"I told no falsehood. You never asked me of my parentage."

"Nay," said John, interfering, "you must not speak in that manner to Mrs. Halifax. Why did you renounce your father's name?"

"Because English people would have scouted my father's daughter. You knew him—everybody knew him—he was D'Argent the Jacobin—D'Argent the Bonnet Rouge."

She threw out these words defiantly, and quitted the room.

"This is a dreadful discovery. Edwin, you have seen most of her—did you ever imagine—"

"I knew it, mother," said Edwin, without lifting his eyes from his book. "After all, French or English, it makes no difference."

"I should think not, indeed!" cried Guy, angrily. "Whatever her father is, if any one dared to think the worse of her—"

"Hush!—till another time," said the father, with a glance at Maud, who, with wide-open eyes, in which the tears were just springing, had been listening to all these revelations about her governess.

But Maud's tears were soon stopped, as well as this painful conversation, by the entrance of our daily, or rather nightly, visitor for these six weeks past, Lord Ravenel. His presence, always welcome, was a great relief now. We never discussed family affairs before people. The boys began to talk to Lord Ravenel: and Maud took her privileged place on a footstool beside him. From the first sight she had been his favourite, he said, because of her resemblance to Muriel. But I think, more than any fancied likeness to that sweet lost face, which he never spoke of without tenderness inexpressible, there was something in Maud's buoyant youth—just between childhood and girlhood, having the charms of one and the immunities of the other—which was especially attractive to this man, who, at three-and-thirty, found life a weariness and a burthen—at least, he said so.

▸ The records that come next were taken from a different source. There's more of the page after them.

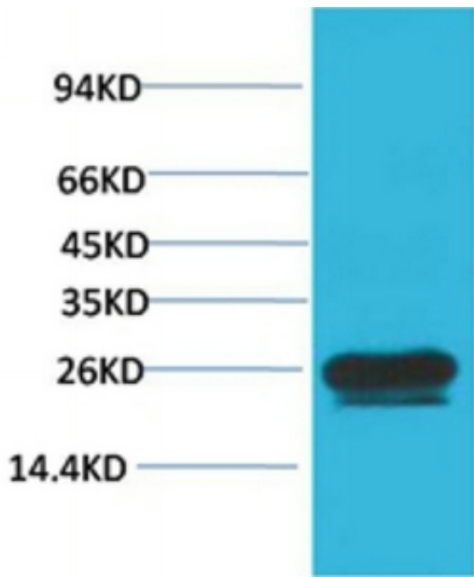
Western blot analysis of Hela with HSP27 Mouse mAb diluted at 1:2,000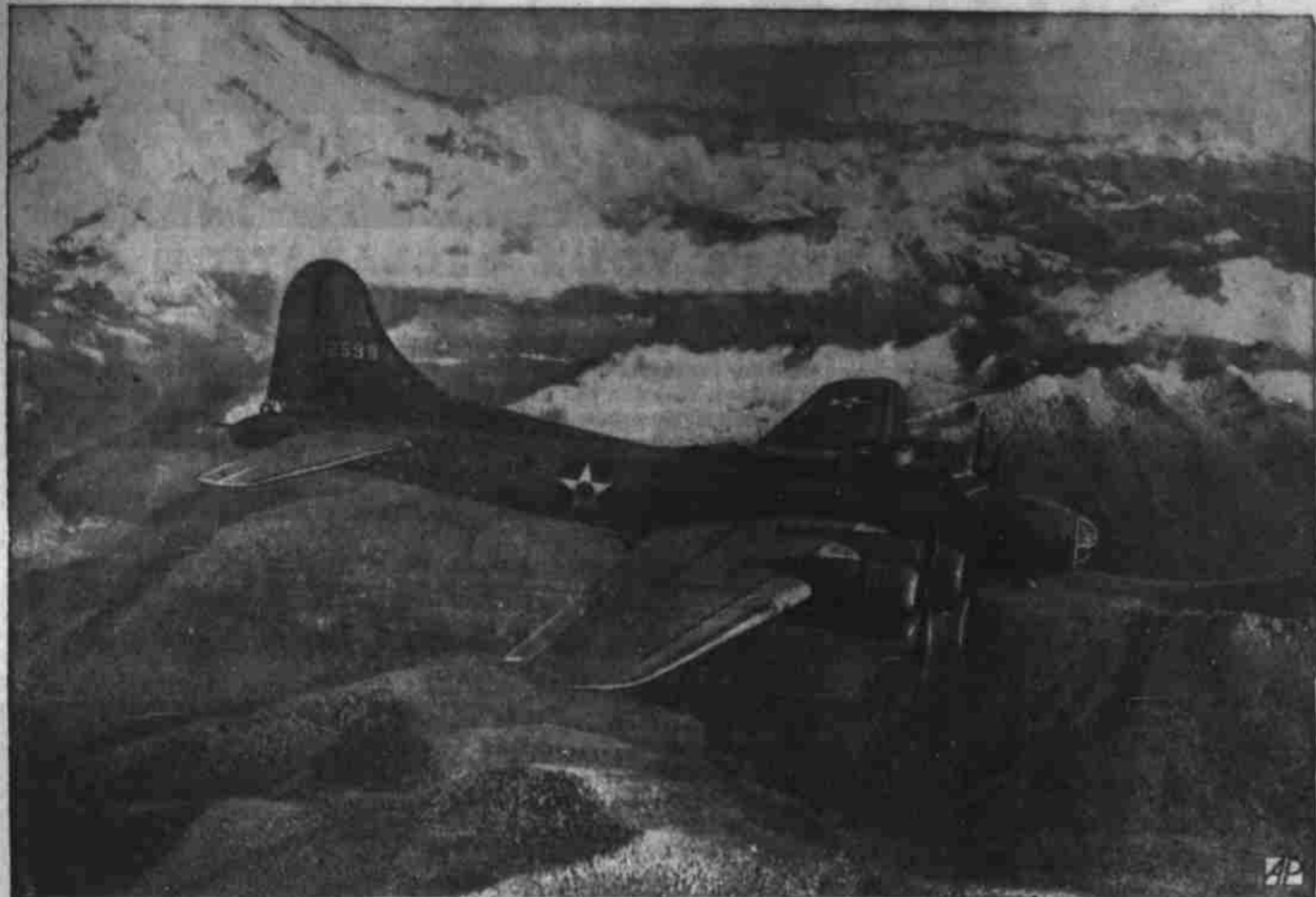
FLYING FORTRESS, NEW MODEL —High above a rugged stretch of landscape speeds this Boeing B-17E, described by the war department as "bigger and more deadly" than previous "flying fortress" models. Several U. S. plants now make the planes.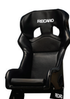
RECARO Pro Racer SPG XL ORV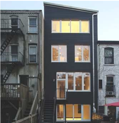
Tighthouse / Brooklyn (Retrofit in New York, USA).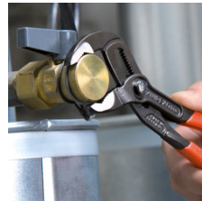
Fast and firm adjustment directly on the workpiece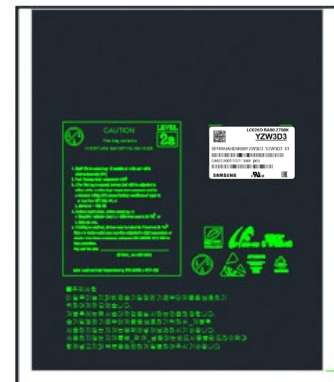
[MBB BAG drawing]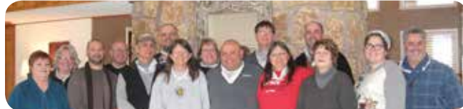
FSM Volunteer Leadership Retreat

Southern Baptist Leaders Conference - Lawton, OK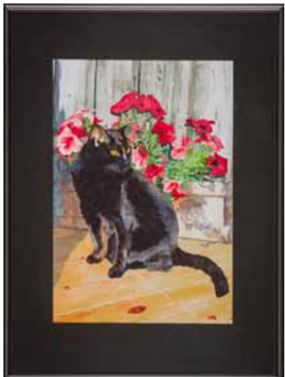
3004 "Your Cat in Watercolor" Artist: John Beebee Medium: Watercolor Donated By: Artist Value: $350 27"x20.5"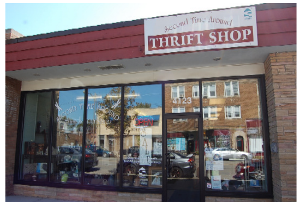
Second Time Around Thrift and Gift Shop 4123 Oakton Street in Skokie.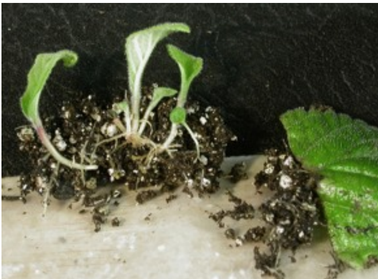
Plantlets with roots

Leaf propagation for Sinningias is not as successful because "blind" tubers are often formed that never sprout. Often rhizomatous plants will form plantlets from leaf sections if propagated in the spring or summer, but will form rhizomes if propagated in late fall or winter.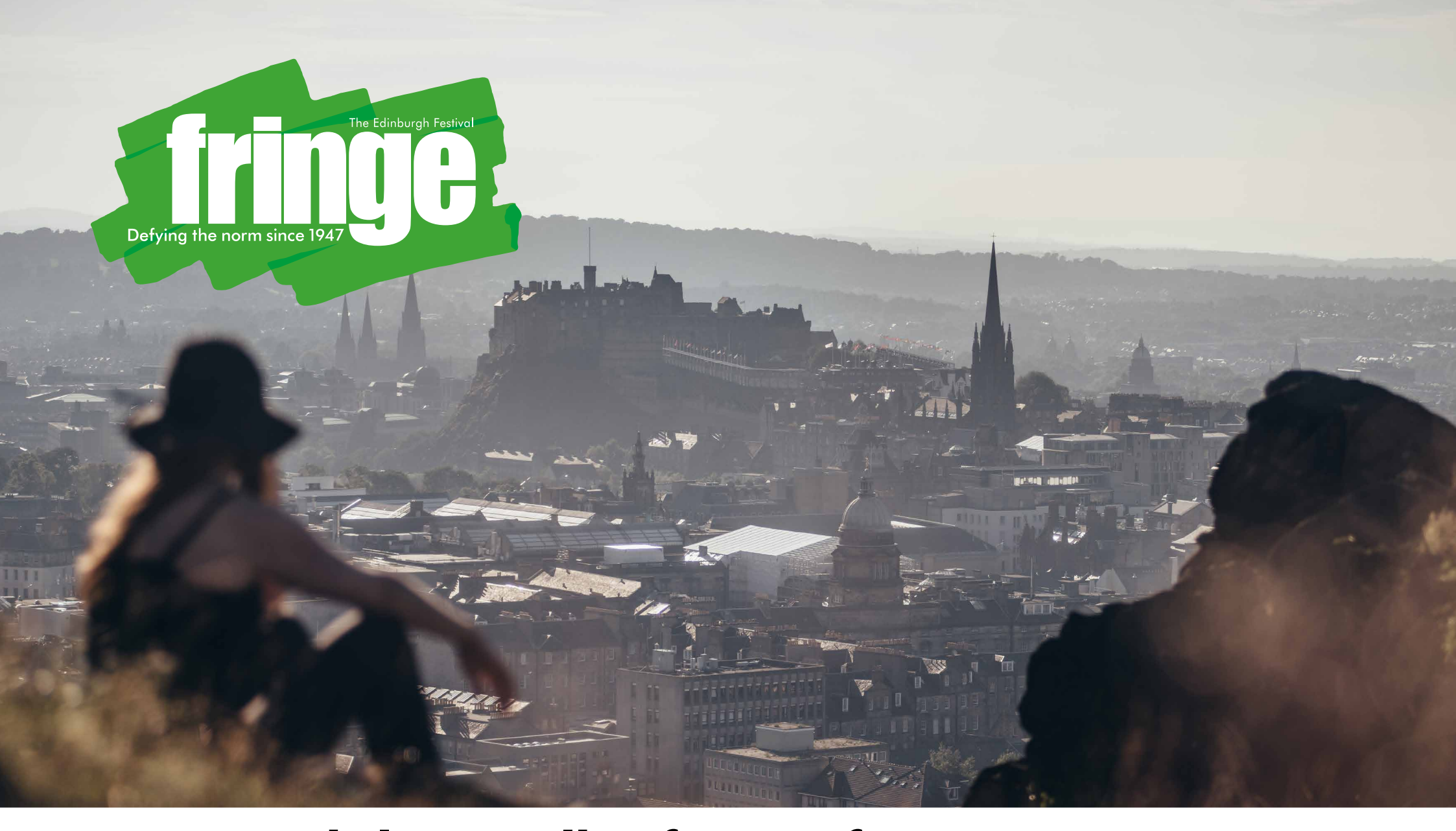
Sustainability toolkit for performing companies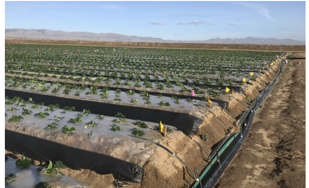
Strawberry study evaluating fertilizers, biostimulants, and beneficial microbes for improving crop health and fruit yield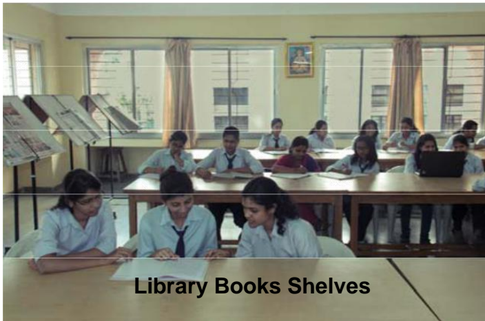
Library Books Shelves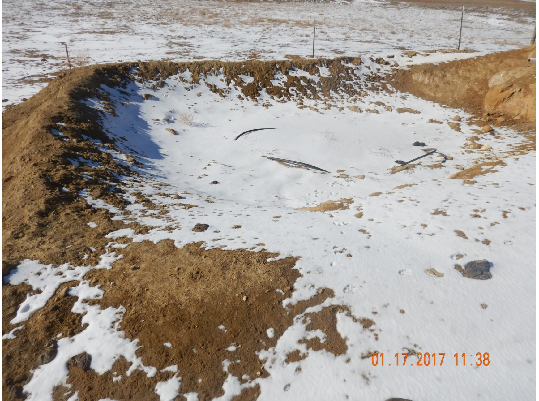
Figure 22: Photo taken from skim pit on the northeast end of the location, facing west.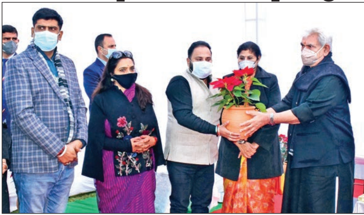
Lt Governor, Manoj Sinha during inauguration of 'Adopt-A-Park' programme.

"We must follow our ancient cultural system which propagates environ-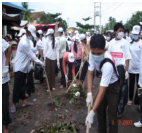
CRC volunteers participating in a cleanup campaign.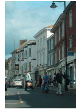
Kingsbridge High Street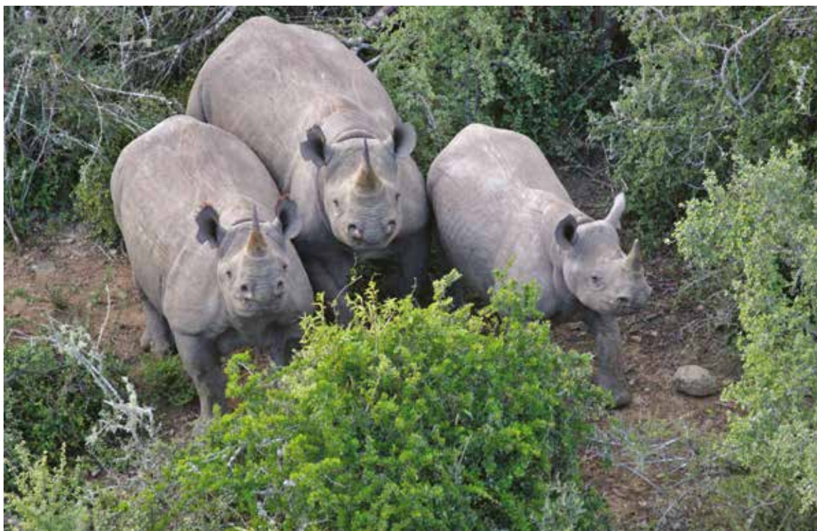
Black Rhino ( Diceros bicornis ) in the thicket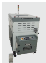
B B Rounding & Backing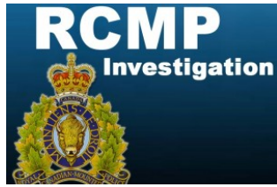
Northern Rockies RCMP respond to shooting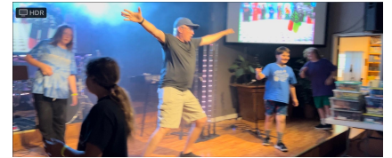
(Kids night 5/11/23)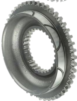
SYNCHRONIZER CONE 30T/48T PART NO: 1250 312 364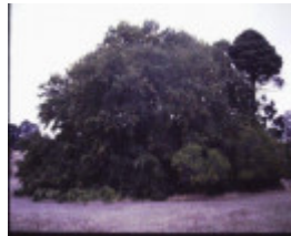
T11921 Quercus robur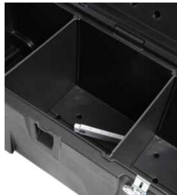
On demand: Equipment with partition system 8 holes for mounting kit inside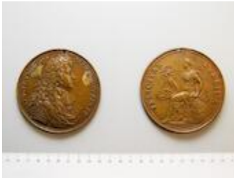
France 17th century Louis XIV 1672 bronze 2001.87.27595 11632 New Haven, Connecticut, Yale University Art Gallery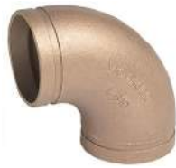
Copper Publication 22.04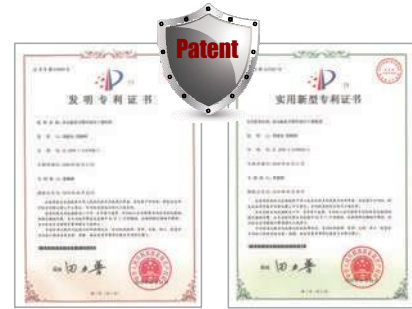
螺带结构Ribbon Agitator 螺杆结构Screw Agitator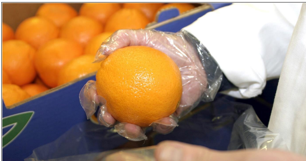
Figure 6: The monitoring programme covers several food groups: fruit and vegetables, cereals, food of animal origin and baby food.

The programme is designed to monitor different food groups for which MRLs have been established: fruit and vegetables, cereals, food of animal origin and baby food. It involves sampling of produce at distribution outlets, collection, storage, processing or slaughter premises and the analysis of those samples for the presence of residues of up to 470 pesticides and metabolites as well as 7 PCB congeners.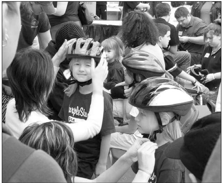
Volunteers fitted bicycle helmets for hundreds of children at the recent Legacy Salmon Creek Kids' Health and Safety Fair.

And, of the nearly 50 child/infant car seats checked for free, 31 were found to be used incorrectly. The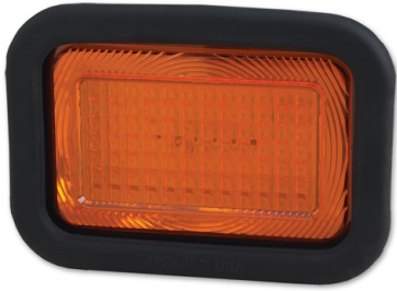
Model 240 Low Profile Strobe Light (Front View)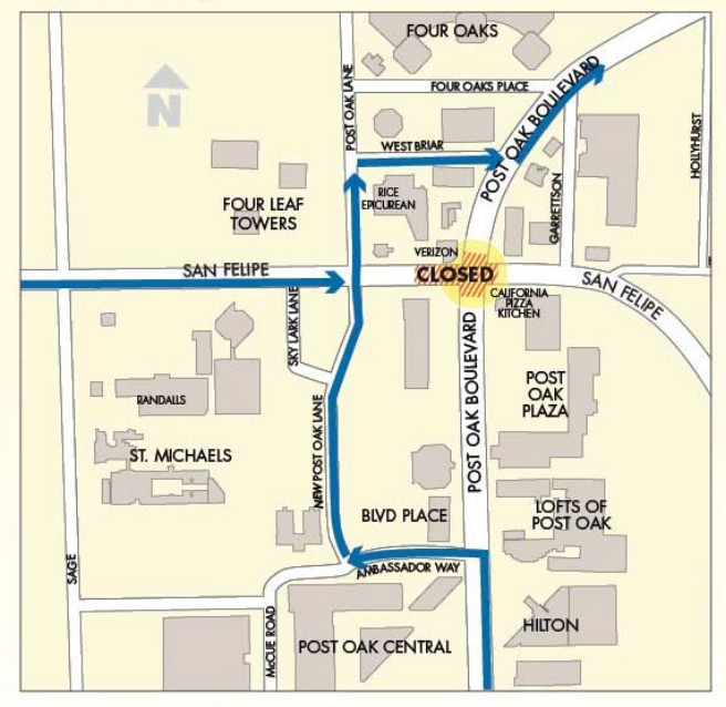
North on Post Oak Boulevard to West Loop

Life was never either weary or burthensome in our house—not even to-night, though our friend found us less lively than usual—though John maintained more than his usual silence, and Mrs. Halifax fell into troubled reveries. Guy and Edwin, both considerably excited, argued and contradicted one another more warmly than even the Beechwood liberty of speech allowed. For Miss Silver, she did not appear again.